Purpose: A study was conducted to evaluate survival of 22 strains of avirulent E. coli and Salmonella in crop soil with 10% fast-pyrolysis switchgrass biochar. The goal was to validate effective surrogate strains of bacteria to use in future studies.
Methods: Twenty-two, individual, 90 g soil samples were amended with 10% biochar and inoculated with 5 strains of non-toxigenic E. coli O157:H7, 10 strains of non-pathogenic E. coli, and 7 attenuated vaccine strains of Salmonella, respectively. Samples were held at 21°C for up to nine weeks and populations determined on antibiotic- and chromogen-supplemented Tryptic Soy Agar. Three strains of non-pathogenic E. coli were resistant to 50ppm rifampicin, and all other 19 strains were resistant to 100ppm nalidixic acid.
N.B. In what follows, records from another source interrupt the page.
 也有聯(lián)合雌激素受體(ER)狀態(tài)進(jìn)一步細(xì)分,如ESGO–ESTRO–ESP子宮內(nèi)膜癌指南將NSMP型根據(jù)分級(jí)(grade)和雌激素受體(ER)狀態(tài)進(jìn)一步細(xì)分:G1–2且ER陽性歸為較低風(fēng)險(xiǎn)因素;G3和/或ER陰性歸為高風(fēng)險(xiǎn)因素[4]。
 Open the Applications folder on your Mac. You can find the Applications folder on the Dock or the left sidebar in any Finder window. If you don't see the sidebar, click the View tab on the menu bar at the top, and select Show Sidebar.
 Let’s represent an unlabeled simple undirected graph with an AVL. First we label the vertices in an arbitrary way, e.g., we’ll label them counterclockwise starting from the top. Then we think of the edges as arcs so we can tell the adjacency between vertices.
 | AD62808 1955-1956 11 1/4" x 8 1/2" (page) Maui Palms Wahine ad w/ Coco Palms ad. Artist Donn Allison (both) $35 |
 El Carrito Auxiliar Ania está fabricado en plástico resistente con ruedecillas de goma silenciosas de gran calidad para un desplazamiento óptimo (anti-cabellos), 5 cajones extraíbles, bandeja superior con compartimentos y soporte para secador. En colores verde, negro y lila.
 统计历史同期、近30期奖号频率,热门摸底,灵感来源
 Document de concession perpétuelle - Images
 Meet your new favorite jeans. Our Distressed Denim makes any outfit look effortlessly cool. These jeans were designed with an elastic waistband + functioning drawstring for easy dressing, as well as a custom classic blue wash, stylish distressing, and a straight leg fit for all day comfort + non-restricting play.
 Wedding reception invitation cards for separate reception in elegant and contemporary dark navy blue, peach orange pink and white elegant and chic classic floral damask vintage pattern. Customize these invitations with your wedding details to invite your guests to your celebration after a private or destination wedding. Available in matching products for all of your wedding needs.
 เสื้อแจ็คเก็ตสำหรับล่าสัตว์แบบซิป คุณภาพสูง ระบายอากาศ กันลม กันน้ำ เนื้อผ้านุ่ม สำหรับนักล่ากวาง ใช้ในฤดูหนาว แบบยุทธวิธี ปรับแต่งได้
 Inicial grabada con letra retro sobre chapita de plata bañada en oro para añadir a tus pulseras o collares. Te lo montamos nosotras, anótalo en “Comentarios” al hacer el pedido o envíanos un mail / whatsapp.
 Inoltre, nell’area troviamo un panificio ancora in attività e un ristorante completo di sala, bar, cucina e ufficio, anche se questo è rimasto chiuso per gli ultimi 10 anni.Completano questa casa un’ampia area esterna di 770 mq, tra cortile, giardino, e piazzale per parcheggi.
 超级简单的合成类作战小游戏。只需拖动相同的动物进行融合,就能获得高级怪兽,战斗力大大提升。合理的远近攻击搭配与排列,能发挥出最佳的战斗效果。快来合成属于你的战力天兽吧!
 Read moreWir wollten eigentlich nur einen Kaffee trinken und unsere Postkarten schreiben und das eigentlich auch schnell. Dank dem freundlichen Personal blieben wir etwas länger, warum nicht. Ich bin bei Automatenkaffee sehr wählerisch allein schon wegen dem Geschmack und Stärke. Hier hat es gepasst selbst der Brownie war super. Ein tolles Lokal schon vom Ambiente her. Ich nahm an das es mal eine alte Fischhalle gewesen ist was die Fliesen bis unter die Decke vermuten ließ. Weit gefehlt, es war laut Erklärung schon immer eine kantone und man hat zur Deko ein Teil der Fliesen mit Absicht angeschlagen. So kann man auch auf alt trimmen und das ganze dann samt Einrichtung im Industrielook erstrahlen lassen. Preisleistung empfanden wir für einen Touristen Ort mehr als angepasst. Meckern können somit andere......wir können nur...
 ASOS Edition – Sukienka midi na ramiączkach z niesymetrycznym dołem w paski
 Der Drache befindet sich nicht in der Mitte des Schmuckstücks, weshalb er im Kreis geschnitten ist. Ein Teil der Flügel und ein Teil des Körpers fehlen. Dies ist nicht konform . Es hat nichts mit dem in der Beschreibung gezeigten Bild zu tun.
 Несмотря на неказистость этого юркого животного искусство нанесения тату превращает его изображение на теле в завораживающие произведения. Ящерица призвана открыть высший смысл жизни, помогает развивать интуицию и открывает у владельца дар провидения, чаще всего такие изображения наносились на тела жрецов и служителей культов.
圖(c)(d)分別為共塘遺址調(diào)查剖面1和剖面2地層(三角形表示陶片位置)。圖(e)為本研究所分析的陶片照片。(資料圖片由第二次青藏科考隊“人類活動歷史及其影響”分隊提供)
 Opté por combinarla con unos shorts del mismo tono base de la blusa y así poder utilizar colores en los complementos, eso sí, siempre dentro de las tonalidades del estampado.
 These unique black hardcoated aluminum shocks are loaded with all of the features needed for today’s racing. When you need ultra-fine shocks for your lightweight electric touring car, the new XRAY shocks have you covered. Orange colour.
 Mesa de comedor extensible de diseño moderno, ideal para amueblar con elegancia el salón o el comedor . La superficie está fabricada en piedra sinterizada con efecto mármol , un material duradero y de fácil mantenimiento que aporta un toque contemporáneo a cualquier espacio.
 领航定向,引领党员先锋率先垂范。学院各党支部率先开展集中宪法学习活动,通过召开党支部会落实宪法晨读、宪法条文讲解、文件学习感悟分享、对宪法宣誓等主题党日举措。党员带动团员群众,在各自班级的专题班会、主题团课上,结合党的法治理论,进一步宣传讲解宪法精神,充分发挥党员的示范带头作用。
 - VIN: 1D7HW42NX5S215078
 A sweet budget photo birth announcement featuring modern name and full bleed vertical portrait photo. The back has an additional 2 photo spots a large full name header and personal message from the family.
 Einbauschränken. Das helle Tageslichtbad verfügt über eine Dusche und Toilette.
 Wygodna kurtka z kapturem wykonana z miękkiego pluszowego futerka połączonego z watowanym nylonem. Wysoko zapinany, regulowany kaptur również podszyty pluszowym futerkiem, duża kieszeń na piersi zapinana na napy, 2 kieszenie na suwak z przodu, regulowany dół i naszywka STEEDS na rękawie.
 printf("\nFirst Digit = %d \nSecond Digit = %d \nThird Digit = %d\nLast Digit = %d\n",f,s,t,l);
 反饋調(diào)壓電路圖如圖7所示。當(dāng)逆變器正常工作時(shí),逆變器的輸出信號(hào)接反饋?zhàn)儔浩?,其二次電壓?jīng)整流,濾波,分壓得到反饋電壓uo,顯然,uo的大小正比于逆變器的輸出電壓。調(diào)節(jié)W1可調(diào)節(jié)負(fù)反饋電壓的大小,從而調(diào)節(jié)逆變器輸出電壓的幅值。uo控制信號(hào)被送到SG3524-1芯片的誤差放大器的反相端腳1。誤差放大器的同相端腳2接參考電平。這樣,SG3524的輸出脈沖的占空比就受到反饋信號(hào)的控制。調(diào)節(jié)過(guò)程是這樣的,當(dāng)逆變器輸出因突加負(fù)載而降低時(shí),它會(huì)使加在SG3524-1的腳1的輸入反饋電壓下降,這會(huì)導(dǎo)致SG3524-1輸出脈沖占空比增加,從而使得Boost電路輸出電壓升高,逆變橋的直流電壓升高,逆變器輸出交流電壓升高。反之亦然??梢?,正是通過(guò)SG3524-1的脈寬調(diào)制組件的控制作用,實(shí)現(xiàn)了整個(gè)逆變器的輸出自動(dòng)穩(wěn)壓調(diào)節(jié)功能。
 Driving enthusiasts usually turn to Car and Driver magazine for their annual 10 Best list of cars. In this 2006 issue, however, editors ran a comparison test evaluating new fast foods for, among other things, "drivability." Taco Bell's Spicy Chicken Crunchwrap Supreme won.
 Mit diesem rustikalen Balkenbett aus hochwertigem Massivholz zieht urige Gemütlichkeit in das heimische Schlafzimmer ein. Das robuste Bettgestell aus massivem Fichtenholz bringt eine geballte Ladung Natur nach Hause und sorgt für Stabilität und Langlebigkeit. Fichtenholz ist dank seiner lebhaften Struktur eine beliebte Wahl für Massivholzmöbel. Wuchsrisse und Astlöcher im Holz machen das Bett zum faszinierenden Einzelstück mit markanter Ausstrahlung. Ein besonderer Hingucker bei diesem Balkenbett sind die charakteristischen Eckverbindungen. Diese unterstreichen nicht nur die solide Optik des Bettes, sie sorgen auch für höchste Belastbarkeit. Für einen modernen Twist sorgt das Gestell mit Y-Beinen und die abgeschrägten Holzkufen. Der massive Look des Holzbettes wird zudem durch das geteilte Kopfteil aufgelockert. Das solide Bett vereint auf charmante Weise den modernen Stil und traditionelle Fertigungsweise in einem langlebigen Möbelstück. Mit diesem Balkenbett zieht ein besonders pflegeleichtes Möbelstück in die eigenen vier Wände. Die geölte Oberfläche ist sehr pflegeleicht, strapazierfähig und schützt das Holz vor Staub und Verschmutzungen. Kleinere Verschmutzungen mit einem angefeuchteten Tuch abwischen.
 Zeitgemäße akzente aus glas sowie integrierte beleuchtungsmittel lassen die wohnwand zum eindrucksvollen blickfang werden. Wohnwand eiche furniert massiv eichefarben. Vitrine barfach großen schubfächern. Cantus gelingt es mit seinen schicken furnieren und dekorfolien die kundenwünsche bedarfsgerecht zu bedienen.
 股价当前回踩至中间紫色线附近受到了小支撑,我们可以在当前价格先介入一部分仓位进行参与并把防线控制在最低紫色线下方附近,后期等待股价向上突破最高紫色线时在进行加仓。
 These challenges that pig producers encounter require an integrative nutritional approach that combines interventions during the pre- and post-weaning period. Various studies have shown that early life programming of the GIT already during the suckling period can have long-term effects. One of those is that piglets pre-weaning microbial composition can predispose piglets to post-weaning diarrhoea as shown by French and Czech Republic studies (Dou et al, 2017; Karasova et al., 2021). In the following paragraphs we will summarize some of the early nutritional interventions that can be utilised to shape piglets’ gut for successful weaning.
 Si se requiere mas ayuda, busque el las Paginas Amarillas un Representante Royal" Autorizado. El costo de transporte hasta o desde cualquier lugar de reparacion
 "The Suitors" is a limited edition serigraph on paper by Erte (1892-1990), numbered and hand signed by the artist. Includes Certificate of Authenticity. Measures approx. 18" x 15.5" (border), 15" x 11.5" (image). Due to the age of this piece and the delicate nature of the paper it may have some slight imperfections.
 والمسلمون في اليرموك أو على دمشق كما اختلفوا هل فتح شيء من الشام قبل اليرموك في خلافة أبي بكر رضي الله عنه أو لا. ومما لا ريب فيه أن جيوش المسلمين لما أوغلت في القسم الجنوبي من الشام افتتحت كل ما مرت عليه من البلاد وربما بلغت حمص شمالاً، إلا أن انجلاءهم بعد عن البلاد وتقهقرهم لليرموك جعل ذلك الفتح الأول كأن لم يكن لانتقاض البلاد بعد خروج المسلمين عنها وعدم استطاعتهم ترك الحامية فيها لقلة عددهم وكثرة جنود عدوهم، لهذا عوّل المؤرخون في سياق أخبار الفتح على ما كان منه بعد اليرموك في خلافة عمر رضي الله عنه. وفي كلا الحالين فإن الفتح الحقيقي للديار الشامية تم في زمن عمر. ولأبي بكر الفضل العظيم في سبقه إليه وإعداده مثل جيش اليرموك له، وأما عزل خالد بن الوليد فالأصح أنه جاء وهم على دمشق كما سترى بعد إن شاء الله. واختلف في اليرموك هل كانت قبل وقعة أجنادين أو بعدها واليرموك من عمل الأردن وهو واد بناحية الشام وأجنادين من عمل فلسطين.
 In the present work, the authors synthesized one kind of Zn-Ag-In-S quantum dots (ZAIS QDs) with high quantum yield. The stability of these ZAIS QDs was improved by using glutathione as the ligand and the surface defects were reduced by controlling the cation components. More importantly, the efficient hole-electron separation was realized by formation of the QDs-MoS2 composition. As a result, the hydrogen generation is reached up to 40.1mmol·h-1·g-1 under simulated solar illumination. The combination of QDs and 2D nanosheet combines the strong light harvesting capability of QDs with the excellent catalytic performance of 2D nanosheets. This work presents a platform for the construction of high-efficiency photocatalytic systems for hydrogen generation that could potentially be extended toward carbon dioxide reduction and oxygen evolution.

Results: Initial day 0 populations averaged 5.31 log CFU/g of soil. By 7 days, two salmonellae and four E. coli were undetectable by direct plating (minimum detection limit = 100 CFU/g), while 4 strains were still >4.1 log. Eight strains were undetectable by week three, while non-pathogenic E. coli strain TVS355 was still at 4.67 log CFU/g. Twelve strains were undetectable by week 7, including all non-toxigenic O157:H7. However, three strains of non-pathogenic E. coli (TVS-353, TVS-354, and TVS-355), were all >4.1 log. At nine weeks of storage, only 7 of 22 strains were still detectable by direct plating, including (log CFU/g in parenthesis) the non-pathogenic E. coli TVS-354 (4.22), TVS-355(3.36), TVS 353 (3.06), and the attenuated salmonellae ATCC-53467 (4.44), Chi8089 (3.38), Chi4096 (2.78), and Chi3985 (2.0).
Significance: These results identify suitable surrogate bacteria for use in future biochar-soil decontamination studies and, potentially, other evaluations predicting pathogen persistence in soils.